## RECORDED DATA
====================
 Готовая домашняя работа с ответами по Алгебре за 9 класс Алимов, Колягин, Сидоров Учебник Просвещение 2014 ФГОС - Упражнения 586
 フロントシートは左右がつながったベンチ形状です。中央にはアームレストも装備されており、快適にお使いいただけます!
====================
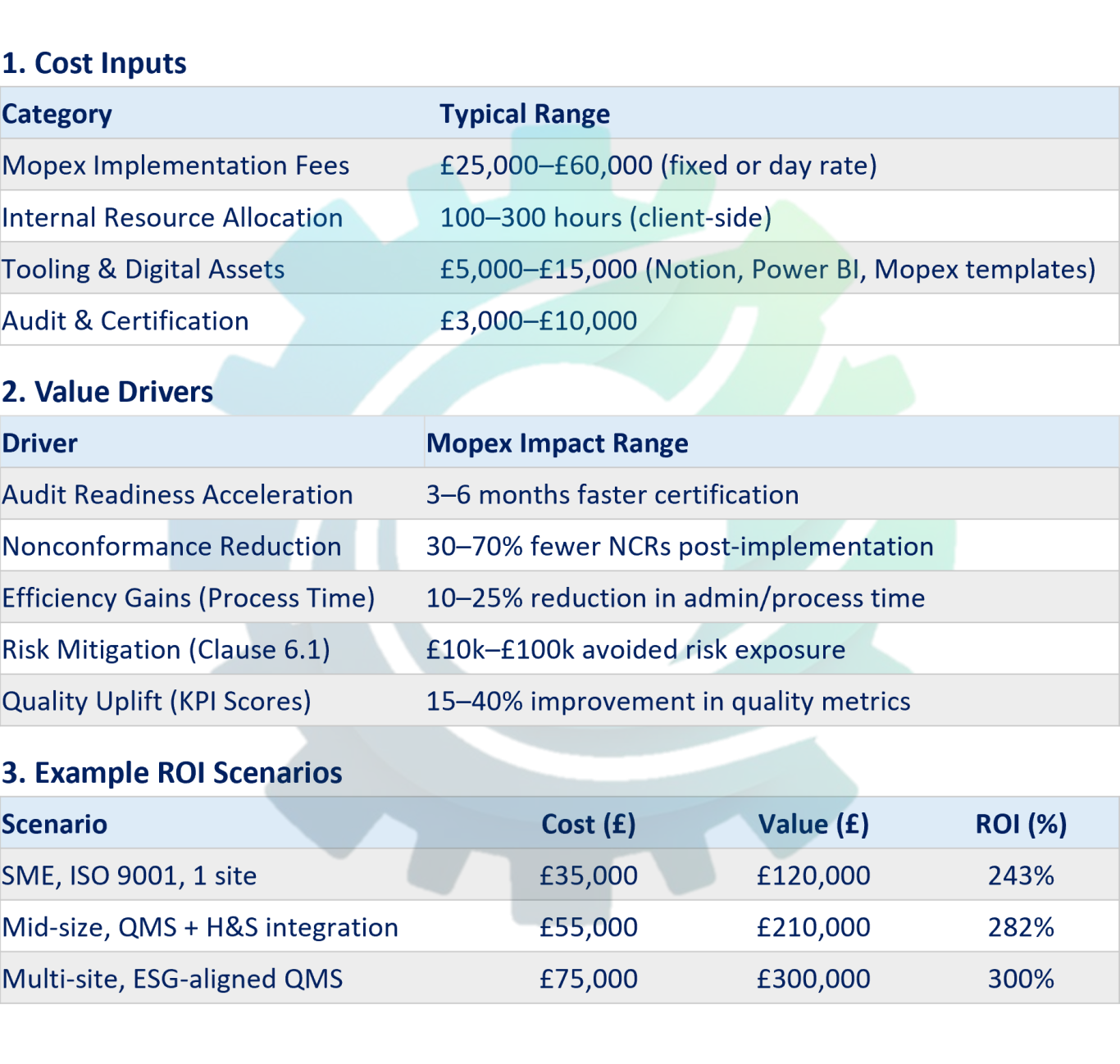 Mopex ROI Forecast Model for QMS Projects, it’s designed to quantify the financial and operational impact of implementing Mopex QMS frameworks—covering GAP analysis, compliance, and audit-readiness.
====================
## YOUR OBJECTIVE
With the line holding "Готовая домашняя работа" as the first and the line holding "フロントシートは左右がつなが" as the last, please transcribe exactly the lines of the material above in that range and nothing else.

## PROBLEM SOLUTION
 Готовая домашняя работа с ответами по Алгебре за 9 класс Алимов, Колягин, Сидоров Учебник Просвещение 2014 ФГОС - Упражнения 586
 フロントシートは左右がつながったベンチ形状です。中央にはアームレストも装備されており、快適にお使いいただけます!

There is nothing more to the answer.